Monday, January 21, 2013

BOOK REVIEW: THE LUCKY ONES

The Lucky Ones: My Passionate Fight For Farm Animals by Jenny Brown
Published by Penguin Group USA

I love to read books about people, places and situations that seem distant and far away—North Koreans living under communism, for example, or what the universe was like in outer space millions of years ago.  However, there is another world that is happening all around us, and it is just as mysterious and strange: it is a hidden world where our food comes from. 

In The Lucky Ones: My Passionate Fight For Farm Animals, author Jenny Brown talks about her life as well as her life’s work.  A cancer survivor and amputee at age 10, Jenny had already been through more than her fair share of challenges, learning how to walk with an artificial leg and undergoing chemotherapy.  

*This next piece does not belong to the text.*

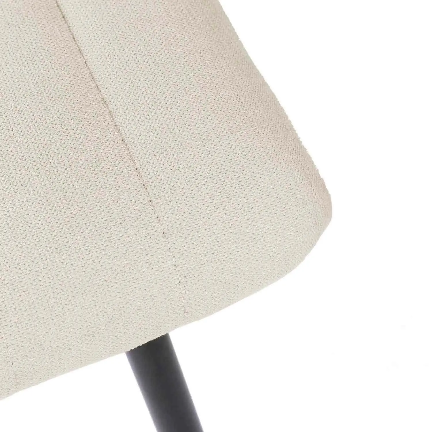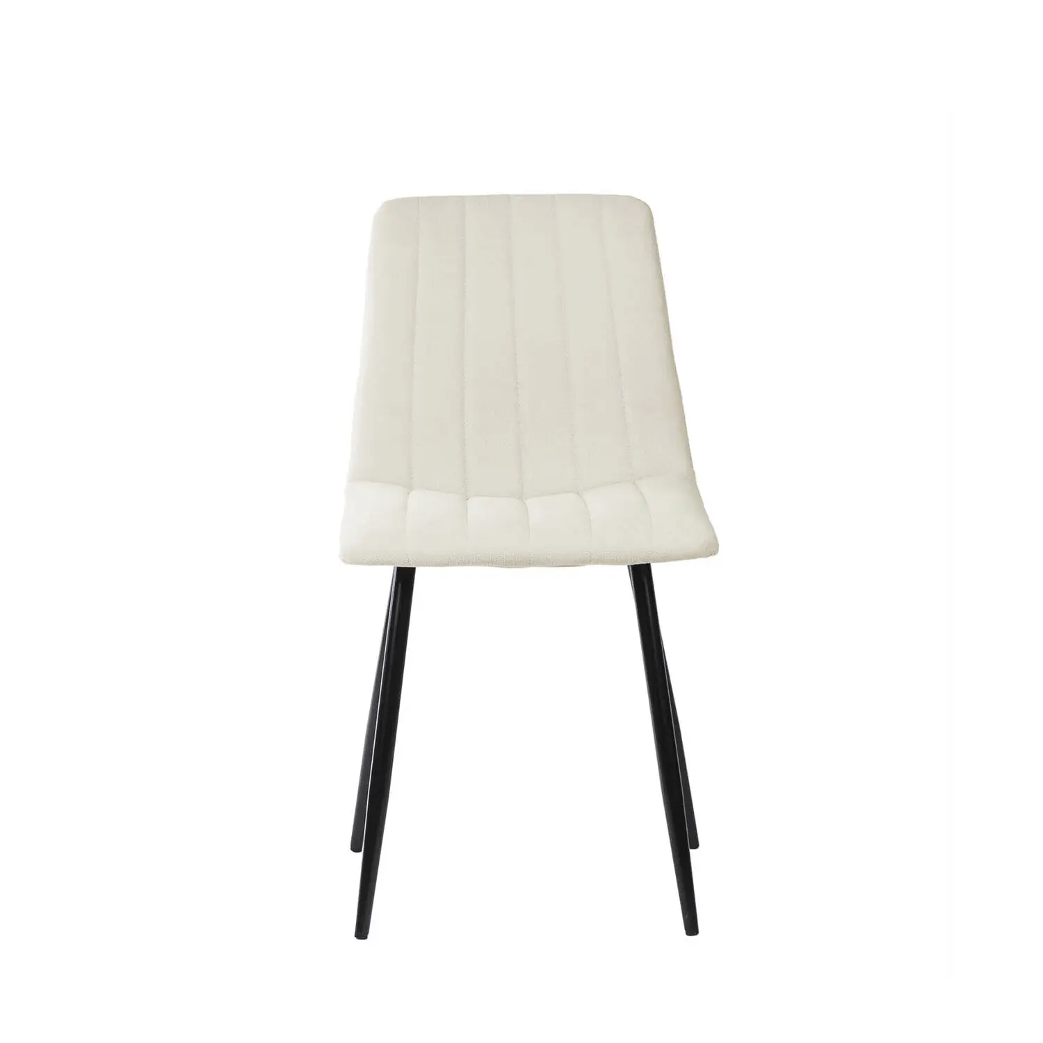 Silla metálica de diseño minimalista y elegante. El asiento y el respaldo están acolchados y presentan un tapizado en tela beige con costuras verticales que crean una textura acanalada, añadiendo tanto comodidad como interés visual. El respaldo ligeramente inclinado y el asiento acolchado aseguran una postura cómoda durante largas comidas o reuniones. Las patas metálicas cónicas negras proporcionan un contraste elegante con el color del tapizado, además de garantizar estabilidad y durabilidad. La silla XENA es perfecta para comedores contemporáneos, pero su diseño atemporal permite que se integre bien en oficinas, salas de estar o incluso en espacios comerciales.

Jenny worked hard and built up a successful television/film production career.   However, she found her passion and has built her life around her values.  She now runs the successful Woodstock Farm Animal Sanctuary, where her team rescues and cares for neglected pigs, chickens, goats, cows and other assorted animals (animals, by the way, with personalities and character!).  Woodstock Farm Animal Sanctuary also offers tours to the public and even now sports a bed & breakfast.  Very cool!  

The really great thing that I liked about this book, which focuses on vegetarianism, veganism and setting up a farm sanctuary is that Jenny doesn’t come across as preachy about being a vegan.  She doesn’t try to shame people—she herself worked at McDonald’s and also served ribs at a restaurant for years.  Rather than sounding like strange vegan propaganda, she passionately stands up for animals through real-life examples (living and dealing with animals on a daily basis).  The book has some rather humorous stories.  By the end of the book, for example, it is easy to see how someone could in fact have an old, sick goat living and peeing in their kitchen.  It almost sounds normal.  Almost.

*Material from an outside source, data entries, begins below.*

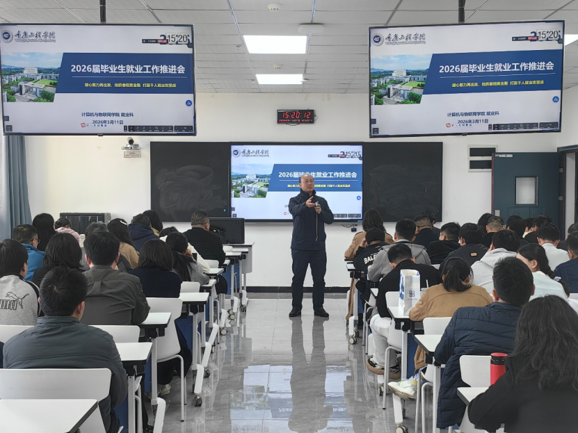 本网讯(图/文 魏克非)2026年3月11日,计算机与物联网学院在71106组织召开2026届就业工作推进会,主题为“凝心聚力再出发、抢抓春招黄金期 打赢千人就业攻坚战”。学院院长李发陵、党总支书记黄涛及全院教师参加会议,会议由就业科科长魏克非主持。
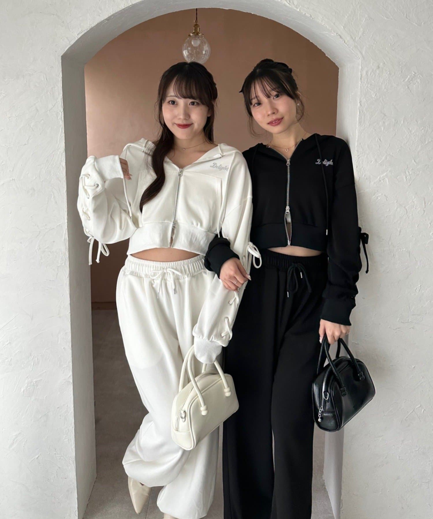 ・ワンポイントのラインストーンがきらめくスウェットパンツ
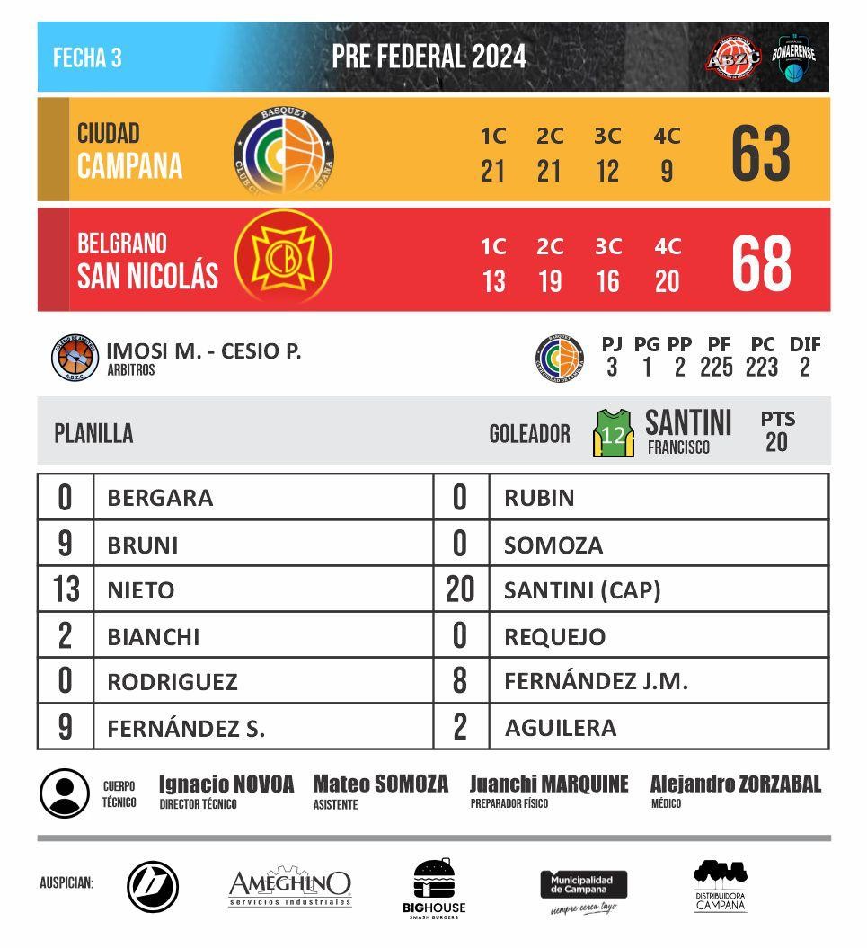 Los parciales fueron 21-13, 21-19, 12-16 y 9-20 y Belgrano de San NIcolás mostró mejor respuesta física en el cierre del juego. Ciudad de Campana tuvo un gran primer tiempo pero no logró sostenerlo en el segundo tiempo, Matías Nieto fue la figura en el parcial de 42 a 32 con 13 puntos pero no repitió en el tercer y cuarto cuarto donde no logró convertir. El goleador del Ciudad fue Francisco Santini con 20 puntos.
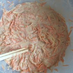 1. Peel and grate potatoes, grate carrots, two eggs (one or two are OK), add water (appropriate amount, not too thin), flour, salt, thirteen Fragrance, olive oil or peanut oil, you can also add sesame oil and stir
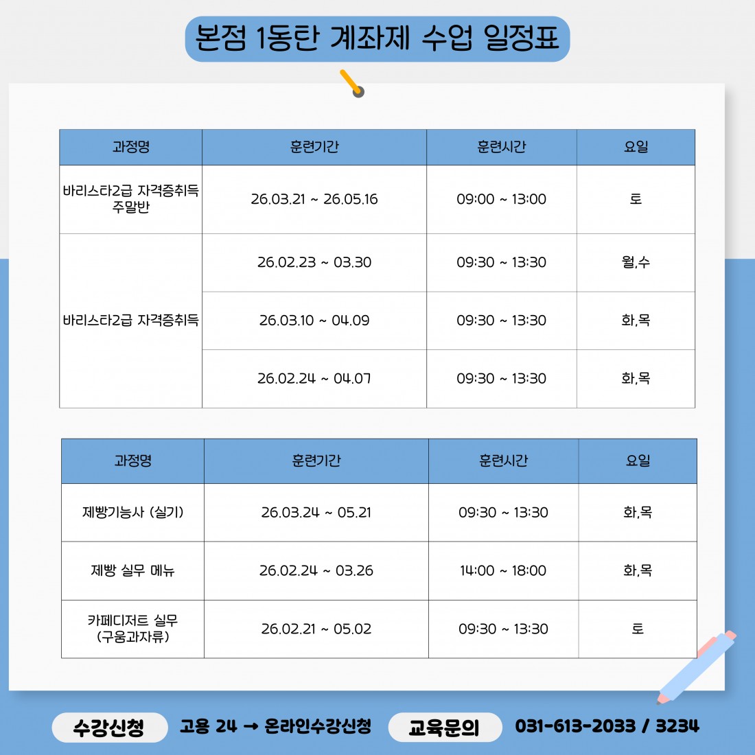 자세한 일정 및 수강 문의는 본원으로 연락주세요.
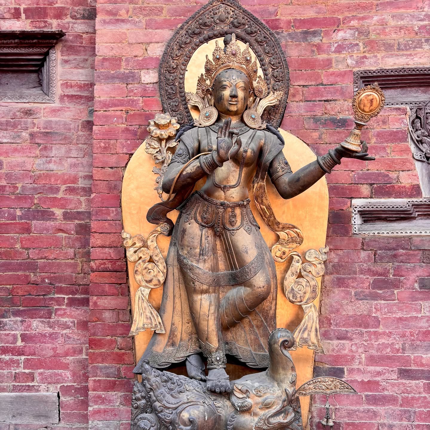 Om 9 uur is de taxi er en we rijden naar Patan. We kopen kaartjes voor de oude binnenstad en de gids verteld leuke weetjes over de verschillende tempels. Helaas voor hem is de groep al snel alle kanten op want er is zoveel te zien. Het oude paleis van de Koning van Patan is toegankelijk en is gedeeltelijk ingericht als museum.

The book is filled with incredible, uplifting anecdotes, but just as important, it forces the reader to ask themselves a very important and complex question: why is it that we go to great lengths, financially, physically and emotinally, for our dogs and cats, but for some reason we are either completely blind (or worse, dispassionate) to the suffering of pigs, cows, chickens and other farm animals? 

I highly recommend this book for anyone looking for a well-written, informative and very entertaining look at the world of animals.  (Not just “farm animals”, but living, breathing animals capable of feeling, suffering and pain).  It is a great read, and while Jenny is entertaining and funny, there is a very serious message in the pages.  I hope that the Woodstock Farm Animal Sanctuary continues their great work! 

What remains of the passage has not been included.